SpaceX dumped Korean market.
23 June opinions.
The headline today is SpaceX dumped the Korean market. SPCX fell -16% from yesterday in a heavy sell and deleveraging event, dropping from the $176 area to the $150s. That directional pressure, in a large liquidation event, pushed the derivative to its lowest price since the perp was created on Hyperliquid. The SpaceX IPO is a major signal for how the stock market performs at the current stage we are in, and the first pump-to-dump below the IPO price could point to a renewed fear environment. That is not a positive sign for the next major IPOs coming to market, Anthropic and OpenAI in particular, and not a positive read for sentiment, at least in the short term, with SpaceX the worst individual performer on my watchlist here. It signals a rotation to fear: every Asian space company dumped following SPCX’s last three days, and not only space names, the KOSPI index is down almost 10% on the day.

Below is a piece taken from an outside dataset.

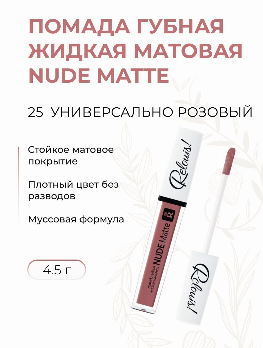 Помада губная жидкая матовая "Nude Matte Complimenti! Relouis" №25 универсальный розовый
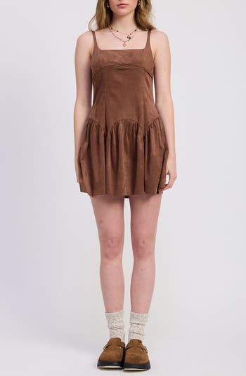 This breezy open-back minidress features soft sheen and a playful fit-and-flare silhouette that’s all about movement.

SpaceX is dumping on technicals, not on fundamentals. They closed another $6.3b in compute capacity for Reflection AI from the Colossus 2 cluster, a $150m monthly deal starting in July 2026, and deal after deal keeps closing on compute. Before Reflection AI, SpaceX closed a compute deal with Anthropic worth over $45b, bringing $15b in annualized revenue, and a compute-leasing deal with Google of almost $30b, bringing $11b annualized. SpaceX also acquired Cursor for $60b (after a $10b deal), so that one is irrelevant here. We are counting almost $30b in annualized revenue from compute deals alone, and after the IPO numbers these points toward a potential of over $100b in revenue by year-end. At a $2T market cap that is a forward P/S of 20, well below the hundreds P/S SPCX carried on its IPO date. SPCX took pressure from deleveraging de facto, but also from the debt opened on that date, with projected cash burn of over $400b through 2031. A lot more revenue must be created to reach the point where they can fund an eventual $100b in annualized cash burn and build the ambitious products they are projecting. Here I have only counted the almost $30b from providing compute to partners, but there are more revenue streams: Starlink telecom products, plus rocket launch and space exploration, sovereign award deals and NASA partnerships, which I expect to accelerate from here, with the number of SpaceX rockets sent to explore particular areas in space, the Moon especially, rising rapidly from 2026 to 2027 at higher pace.
Technology reads
On one side we have SpaceX vaporizing over $600b in market value in a day, with SpaceX and the hyperscalers absorbing severe selling pressure, while memory and energy is performing. Micron closed an Anthropic deal: a multi-year HBM, DRAM and SSD supply pact, a joint chip co-design agreement, a Series H equity investment, and an internal Claude deployment, all rolled into one announcement. These moves are about grabbing as much memory as possible. Anthropic is reaching a level of partnership that lets it scale and operate in a supply-constrained market.
There is memory, and there is power: two important gaps that the consumer-facing AI platforms like Anthropic need to fill. Microsoft signed a 20-year, 2.67GW natural-gas power purchase agreement with Chevron for “Project Kilby” in West Texas.
There is a natural force in high equity markets for companies to issue debt against equity: when equity prices are high enough, their credit rates stay very safe. Nvidia is raising $25b in debt against $85b in demand (3.4x oversubscribed). SpaceX opened a $20b inaugural investment-grade bond sale (BBB-rated by S&P, Moody’s and Fitch), right before the -16% single-day stock decline. That bond disclosed cash burn projected through 2029 and $400b in projected net debt by 2031. This rush for debt is what can hurt capital markets and could pressure an equity rebalancing. That is the one concern I have about the bull run continuing in a straight line up: the rebalancing of debt. Debt is tied to the Fed rate level, so as hiking pressure rises it directly pressures every high-debt company and forces a debt rebalancing across many players. These companies become less attractive when interest costs rise and they lag as revenue producers.
There is another area drawing more eyes, as it reaches a level of maturity that could eventually create a positive impact on the markets: the first generation of quantum innovation driving a new computational revolution, led by security and infrastructure security. In a World War III scenario, this is probably about decrypting the encrypted messages of other nations, so the rush to the new “atomic bomb” is generationally important for the few players working on government-led projects, security projects, or financial and blockchain areas. Creating quantum-risk-free security is a new level for financial infrastructure. The Trump presidency knows this, and the people around him are capable enough to have the government sign two executive orders on quantum computing: a 2028 deadline for a research-relevant quantum computer, a 2030/31 federal post-quantum cryptography migration mandate, and $2b in funding for named quantum firms. Government pressure pushing federal agencies to migrate is an important move and will propagate into enterprise security spending cycles. In security, quantum-risk-free companies will provide a catalyst over the next 12 to 18 months: a revenue increase from signed enterprise deals, especially for financial institutions, where the real quantum threat sits.